CN107193286B - The digital acquisition method of bridge real scene - Google Patents

Abstract

The present invention provides a method for digital collection of bridge real scenes, comprising the following steps: a. determining the position where the virtual reality collection equipment is installed on the carrier equipment; b. moving the virtual reality collection equipment to the target bridge area through the carrier equipment; c. the carrier equipment Communicate with the bridge detection identification tag in the bridge area to determine its own posture; d. Control the carrier device to control the virtual reality acquisition device to shoot, and record the shooting parameters of each lens and the position of the carrier device during shooting. posture information. The invention solves the problems existing in the prior art that it is difficult to efficiently and accurately collect bridge damage information, and further promotes efficient and accurate extraction and storage of bridge real scene information.

Description

The digital acquisition method of bridge real scene

technical field

The invention belongs to the technical field of traffic engineering, and relates to a bridge real scene digital acquisition method.

Background technique

At present, the traditional method for collecting image information of bridges is a camera, but due to the limited time or energy of the photographers, it is generally impossible to complete the panoramic shooting of the bridge, and only the damaged parts are photographed for evidence collection. Corresponding bridge and component information must be recorded when taking photos for evidence collection, otherwise the verification cannot be carried out in the later stage. In terms of data visualization, generally only the damaged pictures of a specific bridge can be retrieved and viewed, and the real bridge cannot be restored.

With the development of VR capture technology, its picture fineness has been continuously improved, the lens distortion rate is low, and the cost has been continuously reduced, which makes it have broad application prospects in all walks of life. A bridge is a structure with many complex components. The traditional bridge real scene acquisition technology is time-consuming and labor-intensive, and due to human negligence, damage data may be missed. The introduction of VR acquisition technology into the field of bridge disease detection can greatly improve the efficiency of data acquisition, improve the quality of data acquisition, and reduce the requirements for data acquisition personnel to master bridge expertise.

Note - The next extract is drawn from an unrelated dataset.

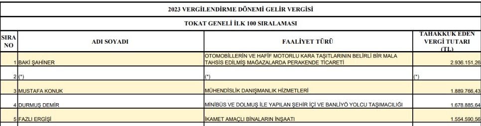 Tokat Defterdarlığının açıkladığı verilere göre 2023 Vergilendirme yılında Gelir Vergisinde 2.936.151,26 TL tahakkuk eden vergi ile Baki Şahiner vergi rekortmeni oldu. İkinci sırada yer alan mükellef yine isminin açıklanmasını istemezken, 3. sırayı 1.889.766,43 TL ile Mustafa Konuk, 4. sırayı 1.78.885,64 TL ile Durmuş Demir ve 5. sırayı ise 1.554.590,56 TL Fazlı Ergişi aldı.

Furthermore, the introduction of VR acquisition technology into the field of bridge disease acquisition has strong research significance and application value.

In the prior art, although the technology of using VR acquisition equipment has been involved in the field of film shooting and archaeology, the technology of using VR acquisition equipment has not been involved in the bridge, which is a completely different detection object, and because it is a special object. The actual nature, structural distribution and other aspects of the bridge of the VR bridge are very different from ordinary management objects, and there is no specific application technology of VR acquisition equipment in the panoramic real scene acquisition of bridges in the existing technology.

SUMMARY OF THE INVENTION

In order to overcome the defects of the existing technology, a method for digital collection of bridge real scenes is provided, so as to solve the problems existing in the prior art that it is difficult to efficiently and accurately collect bridge damage information, and further promote the efficient and accurate collection of bridge real scene information. extraction and preservation.

To achieve the above object, the solution of the present invention is:

A method for digitally collecting real scenes of a bridge, comprising the following steps:

a. According to the task requirements, determine the location where the virtual reality acquisition device is installed on the carrier device, and move the virtual reality acquisition device to the target bridge area through the carrier device;

b. Communicate the carrier robot with the bridge detection identification tag to determine its own pose;

c. The carrier robot moves and controls the shooting of the virtual reality acquisition device according to the pre-programmed or manual operation, and simultaneously records the shooting parameters of the camera and the pose information of the carrier robot.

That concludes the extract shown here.